Often, she does it with aplomb. Annie's dad was a cop working in a missing-person case in the town years ago and later committed suicide. As a child, she was taunted and taken to the edge of despair by a mysterious unknown figure who left notes and riddles for her to solve, while claiming to be her dad reaching out to her. Now, that figure seems to have returned.

And the return coincides with another missing-person case – a transgender teenage boy who is also the star of the local hockey team. A kid who seemed headed for the NHL who had declared he was gay and began wearing makeup and dressing as a woman.

It takes a while before the muddle of complex colliding atmospheric turns begins to take shape into a strong plotline. (It's Episode 2 before the series settles down.) Religion plays a role and there's a suggestion that the missing teen might have tried some sort of conversion therapy. Or been forced into it. At that point, the drama pokes around in the weird subculture of teenagers in a confined, remote small town. And, all the while, Annie is being tormented by this sinister figure from her past.

"Evil looks like you and me," a character says at one point. True enough, in any drama, but there is a hallucinatory quality to Bellevue that defies description. At times, everybody seems high on drugs or booze and, throw in religion and sex, you have a staggeringly heady concoction.

Bellevue, especially in its opening episode, can seem to teeter on the brink of overindulgence in balefully ominous visuals, but it holds back. On the evidence of the first two episodes only, it pulls back from its obsession with anxiety, loneliness, despair – both in Annie and the missing teenage hockey star – to focus on the whodunit mystery.

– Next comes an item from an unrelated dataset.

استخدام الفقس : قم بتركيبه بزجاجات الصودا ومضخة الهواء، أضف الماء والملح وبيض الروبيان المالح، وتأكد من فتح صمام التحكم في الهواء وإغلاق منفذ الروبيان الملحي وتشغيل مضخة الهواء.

It can seem a grim place, this Bellevue, a town littered with the wreckage of lives unlived and the mess of constant disappointment. It's unconventional, in the context of Canadian drama, a dark fantasia that's a daisy chain of disturbing allusions and it's made with great visual imagination.

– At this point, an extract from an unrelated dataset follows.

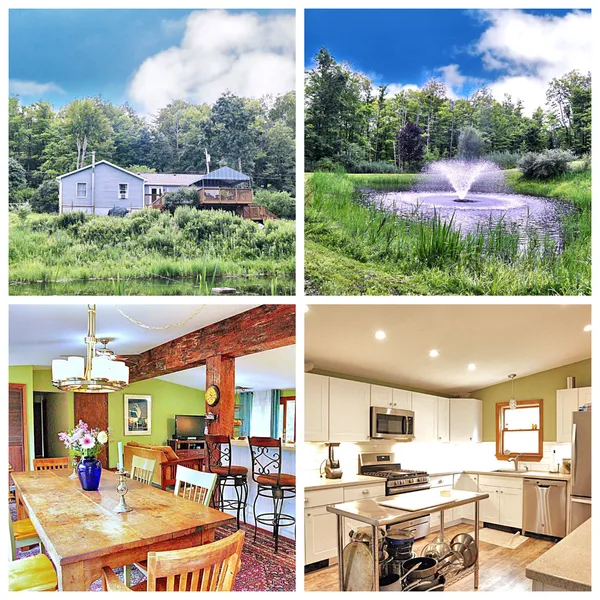 Welcome to 535 Fitzsimmons Rd., a pond-side country dwelling in tune with nature! Upon entering the house, you are greeted with a very open space anchored with massive wooden beams. Here you have well-appointed living area, dining area, and a kitchen, airy and cozy. The kitchen has an island and stainless steel appliances. A hallway leads to a generous primary suite that has a stylish en suite bathroom and a walk-in closet. Also located here are two generous bedrooms sharing a full bath. Both bathrooms have double vanities. The full basement is semi-finished with a half-bath, recessed lighting, and stone hearth providing multiple possibilities. In the main living area, there are two sets of sliding glass doors and a large window, which let in lots of natural light. One set of sliding glass doors leads to a flat, fenced yard for the beloved family dog. It is also ideal for vegetable and/o...

Paquin is gloriously good as the pragmatic but messed-up Annie, a woman determined to rise above the misery in her life no matter how haunted she feels at times. She plays Annie with a fierce purpose that sometimes keeps the overheated engine of the convoluted drama on track.

Created by Jane Maggs and Adrienne Mitchell, Bellevue is a very welcome addition to CBC's content slate. It's original, ambitious and it stands apart. Sure, it seems to fall short of being exceptionally great – portions of the first two episodes are too overcooked for that – but it has an energy and, yes, it gets gripping as a mystery.